─── Data extract ───

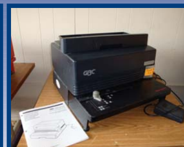
GBC HIGH CAPACITY PUNCH MACHINE
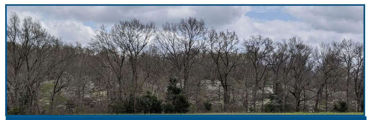
I was treated to a beautiful show of flowering dogwoods this April. This property in Seminole County had the highest density of flowering dogwoods have ever seen. Absolutely stunning!
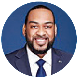
CHARLES BOOKER U.S. SENATE DEMOCRAT
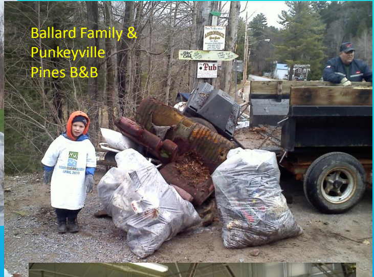
Ballard Family & Punkeyville Pines B&B
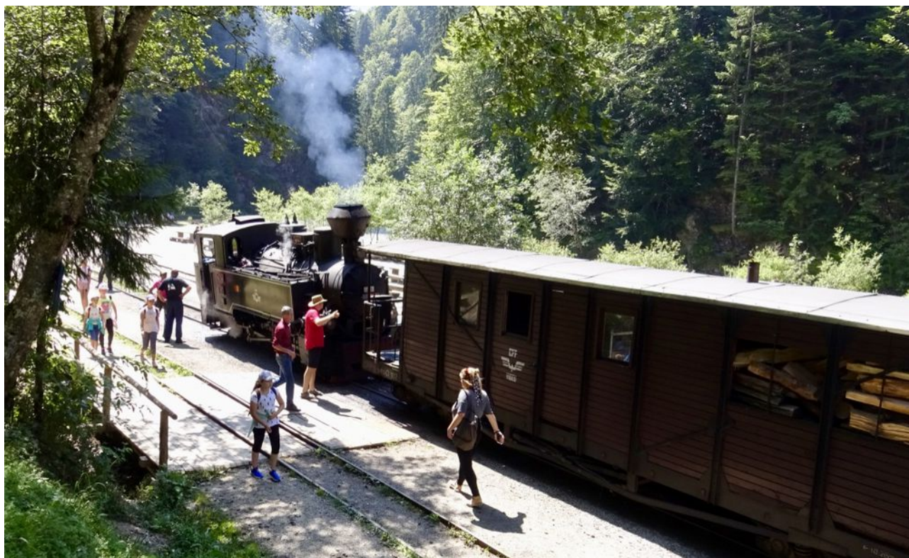
Viseu de Sus, Romania 2019 - the second of four steam-hauled tourist trains waiting to return after lunch at Paltin

Let me know if you are interested. Price not yet know but last year we paid £1400 each for an escorted 12 day tour with a minibus and a driver/guide. The self-drive option should be cheaper for 2020.
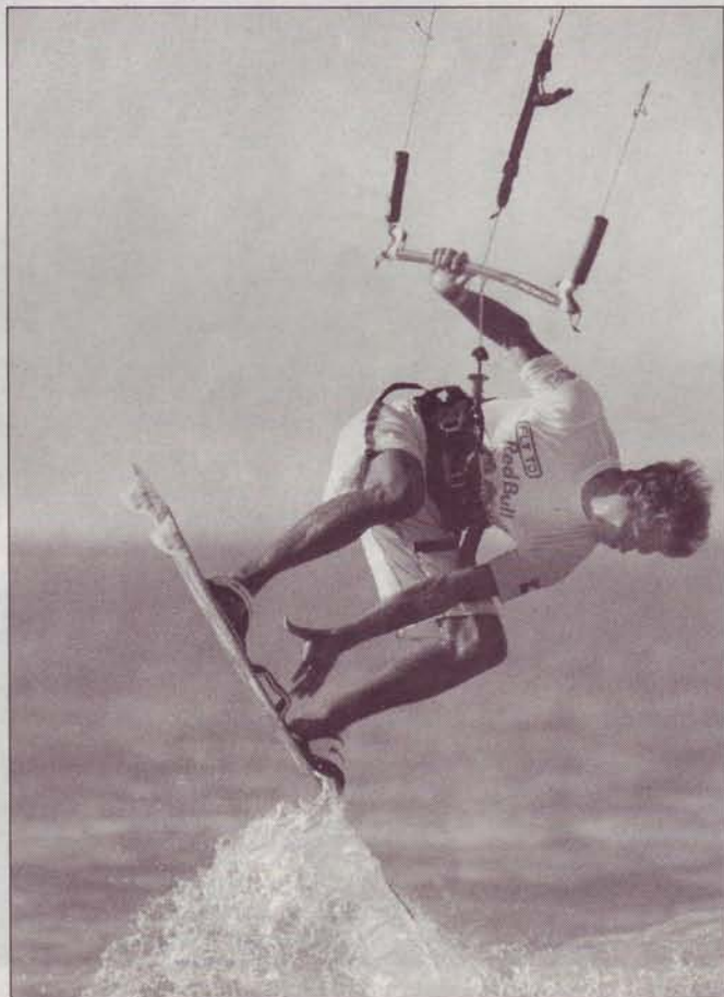
Action from the men's freestyle heats in the Red Bull King of the Air.
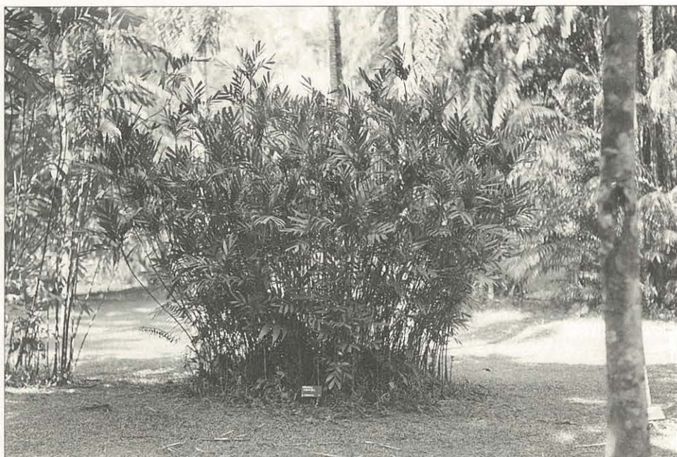
Plate 2. Pinanga riparia Ridley, cultivated in Singapore Botanic Gardens, c.1934.
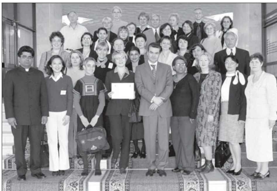
The participants of the International Workshop on Gender-Sensitive Budgeting

The workshop in Moscow was organised thanks to the support of the UNDP "Gender Responsive Budgets: Investing in Poor Women to Reach the Millennium Development Goals" global project, which is funded by the Japanese Women in Development Fund and administered by UNDP.
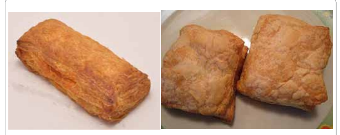
Figure 2: Sensory analysis report-Laminated Baked Product using Oats.

The procedure for the preparation of double baked oats product was standardized. The dependent variable or response measured for
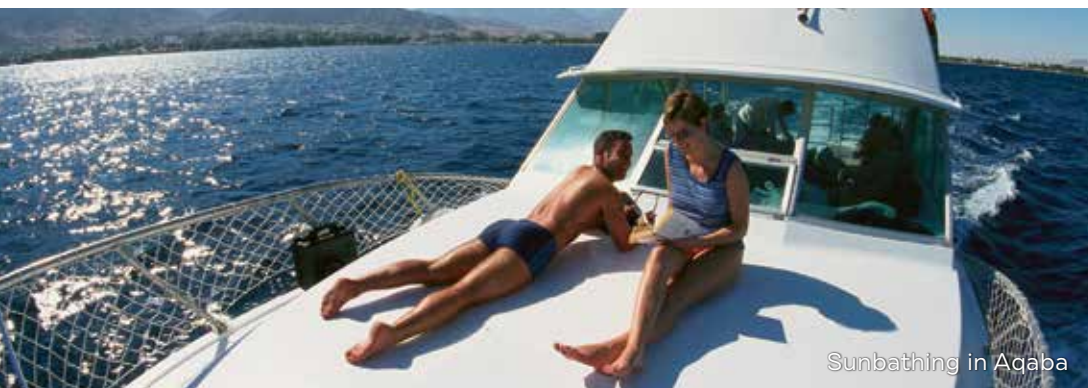
Sunbathing in Aqaba
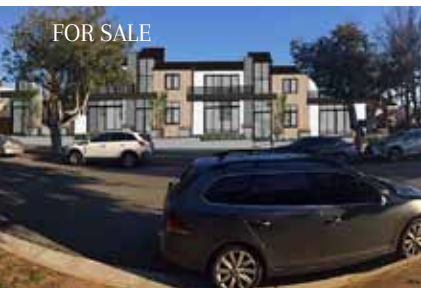
FOR SALE 1802 DELAWARE AVENUE

$10,400,000 12,328 sqft 20,504 sqft lot Outstanding commercial property on a prime corner location with phenomenal visibility and ample parking. Excellent Owner User or Investment Opportunity
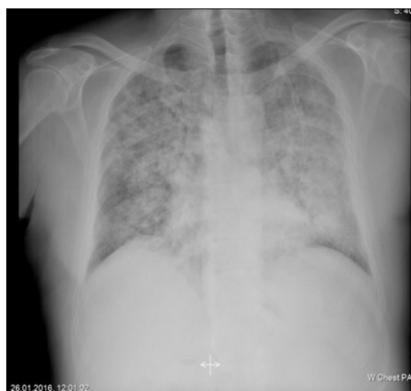
FIGURE 2 Chest X-ray showed progression of lesions.
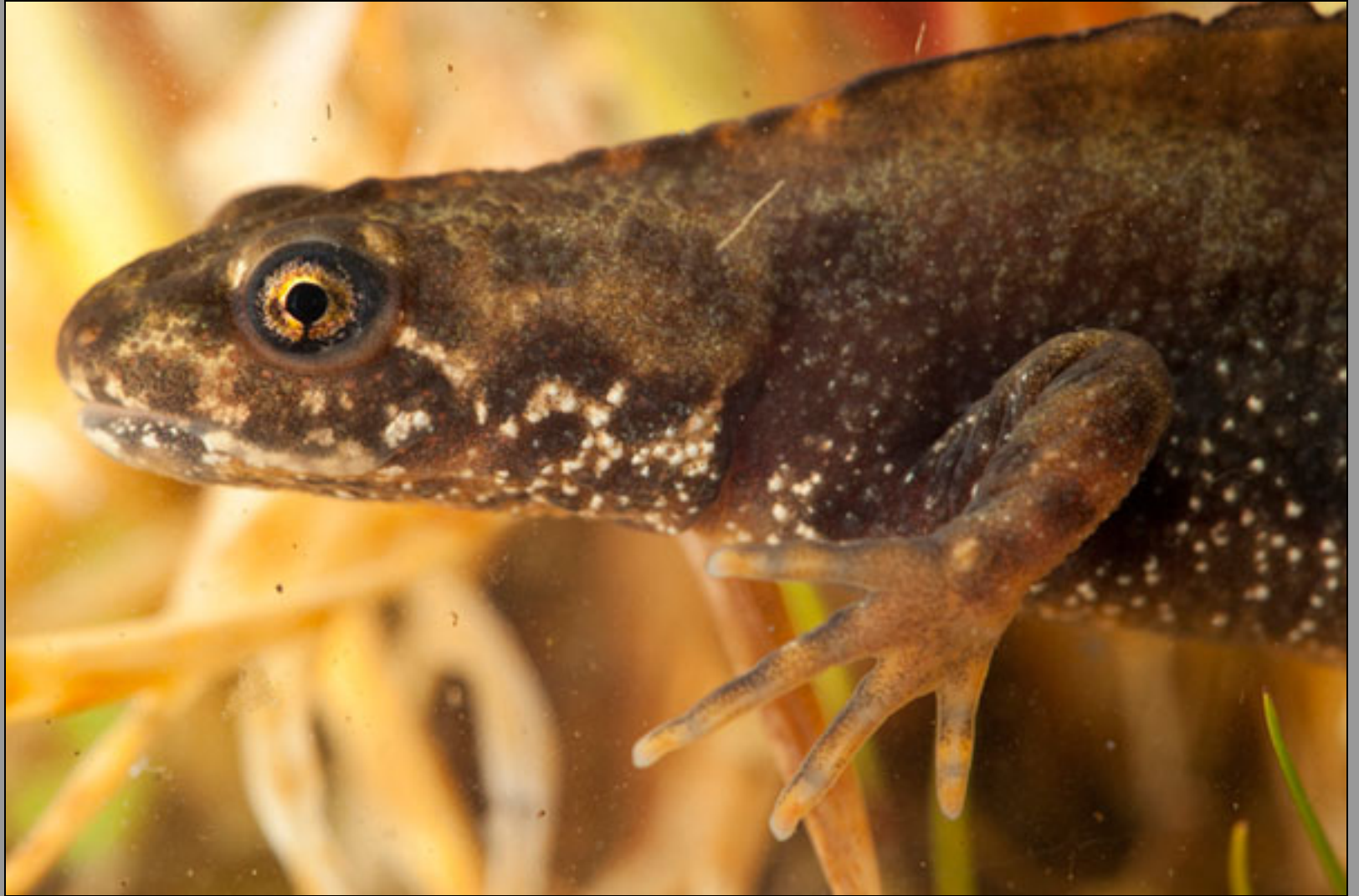
Triturus blasii , hybrid Triturus marmoratus x Triturus cristatus , male

───

Exercise goal. Although pictures appear among the entries, please set down only the lines from the one with "CHARLES BOOKER U.S. SENATE DEMOCRAT" up to and including the one with "Let me know", word for word.

Task response.
CHARLES BOOKER U.S. SENATE DEMOCRAT
Ballard Family & Punkeyville Pines B&B
Viseu de Sus, Romania 2019 - the second of four steam-hauled tourist trains waiting to return after lunch at Paltin

Let me know if you are interested. Price not yet know but last year we paid £1400 each for an escorted 12 day tour with a minibus and a driver/guide. The self-drive option should be cheaper for 2020.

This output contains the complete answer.